This is a resultant version of the patch based on a previous RFC.

This patch is intended to improve the support for fine-grain parallel
applications that may sometimes need to change the priority of their threads at
a very high rate, hundreds or even thousands of times per scheduling timeslice.

These are typically applications that have to execute short or very short
lock-holding critical or otherwise time-urgent sections of code at a very high
frequency and need to protect these sections with "set priority" system calls,
one "set priority" call to elevate current thread priority before entering the
critical or time-urgent section, followed by another call to downgrade thread
priority at the completion of the section. Due to the high frequency of
entering and leaving critical or time-urgent sections, the cost of these "set
priority" system calls may raise to a noticeable part of an application's
overall expended CPU time. Proposed "deferred set priority" facility allows to
largely eliminate the cost of these system calls.

Instead of executing a system call to elevate its thread priority, an
application simply writes its desired priority level to a designated memory
location in the userspace. When the kernel attempts to preempt the thread, it
first checks the content of this location, and if the application's stated
request to change its priority has been posted in the designated memory area,
the kernel will execute this request and alter the priority of the thread being
preempted before performing a rescheduling, and then make a scheduling decision
based on the new thread priority level thus implementing the priority
protection of the critical or time-urgent section desired by the application.
In a predominant number of cases however, an application will complete the
critical section before the end of the current timeslice and cancel or alter
the request held in the userspace area. Thus a vast majority of an
application's change priority requests will be handled and mutually cancelled
or coalesced within the userspace, at a very low overhead and without incurring
the cost of a system call, while maintaining safe preemption control. The cost
of an actual kernel-level "set priority" operation is incurred only if an
application is actually being preempted while inside the critical section, i.e.
typically at most once per scheduling timeslice instead of hundreds or
thousands "set priority" system calls in the same timeslice.

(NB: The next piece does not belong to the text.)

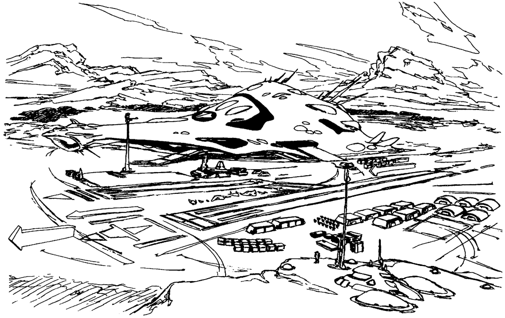 Design Features: modular craft separation; 12 x large re-entry pod launch bays (orbital module); 1 x standard pod hatch, ventral side (assault module)

One of the intended purposes of this facility (but its not sole purpose) is to
render a lightweight mechanism for priority protection of lock-holding critical
sections that would be an adequate match for lightweight locking primitives
such as futex, with both featuring a fast path completing within the userspace.

More detailed description can be found in:
https://raw.githubusercontent.com/oboguev/dprio/master/dprio.txt
and also in the accompanying man page in the subsequent message.

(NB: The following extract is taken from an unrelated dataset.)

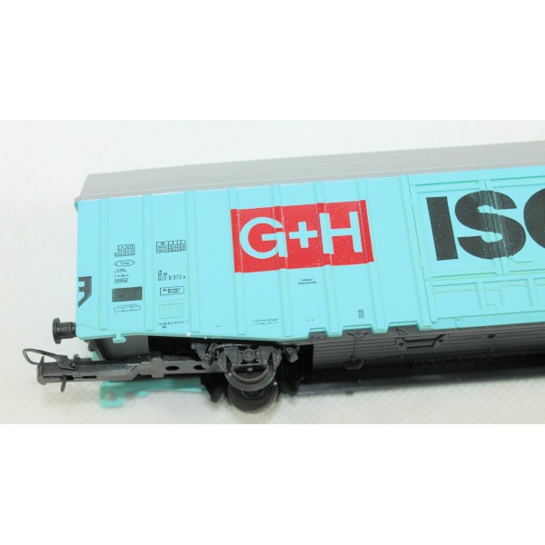 Carro speciale a due assi ribassati con loghi perfetti ISOVER G+H, livrea azzurro come da foto, scala 1/87. Usato e funzionante, nessuna mancanza. Box presente come da foto.

Message 1/2 contains the patch to the kernel tree (3.16.3).
Message 2/2 contains the patch for man pages tree.

User-level library implementing userspace-side boilerplate code:
https://github.com/oboguev/dprio/tree/master/src/userlib

Test set:
https://github.com/oboguev/dprio/tree/master/src/test

Previous RFC discussion:
https://lkml.org/lkml/2014/7/25/600

Brief summary/conclusions of the discussion:
https://lkml.org/lkml/2014/8/13/744

The patch is enabled with CONFIG_DEFERRED_SETPRIO.
There is also a few other config settings: a setting for dprio debug code,
a setting that controls whether the facility is available by default for all
users or limited to tasks with CAP_DPRIO, and a setting to improve the
determinism in the rescheduling latency when dprio request is pending
under low-memory conditions. Please see dprio.txt and man page for details,
as well as the write-up in kernel/Kconfig.dprio.

The changes compared to the RFC version are:
- Replace authorization list with CAP_DPRIO and sysctl kernel.dprio_privileged.
- Move dprio_ku_area_pp inside task_struct so it is likely to share the same
  cache line with other locations accessed during __schedule().

Signed-off-by: Sergey Oboguev <oboguev@...oo.com>

 Documentation/sysctl/kernel.txt |  14 +
 fs/exec.c                       |   8 +
 include/linux/dprio.h           | 129 +++++++++
 include/linux/init_task.h       |  17 ++
 include/linux/sched.h           |  19 ++
 include/uapi/linux/Kbuild       |   1 +
 include/uapi/linux/capability.h |   5 +-
 include/uapi/linux/dprio_api.h  | 137 +++++++++
 include/uapi/linux/prctl.h      |   2 +
 init/Kconfig                    |   2 +
 kernel/Kconfig.dprio            |  68 +++++
 kernel/exit.c                   |   6 +
 kernel/fork.c                   |  88 +++++-
 kernel/sched/Makefile           |   1 +
 kernel/sched/core.c             | 195 ++++++++++++-
 kernel/sched/dprio.c            | 617 ++++++++++++++++++++++++++++++++++++++++
 kernel/sys.c                    |   6 +
 kernel/sysctl.c                 |  12 +
 18 files changed, 1315 insertions(+), 12 deletions(-)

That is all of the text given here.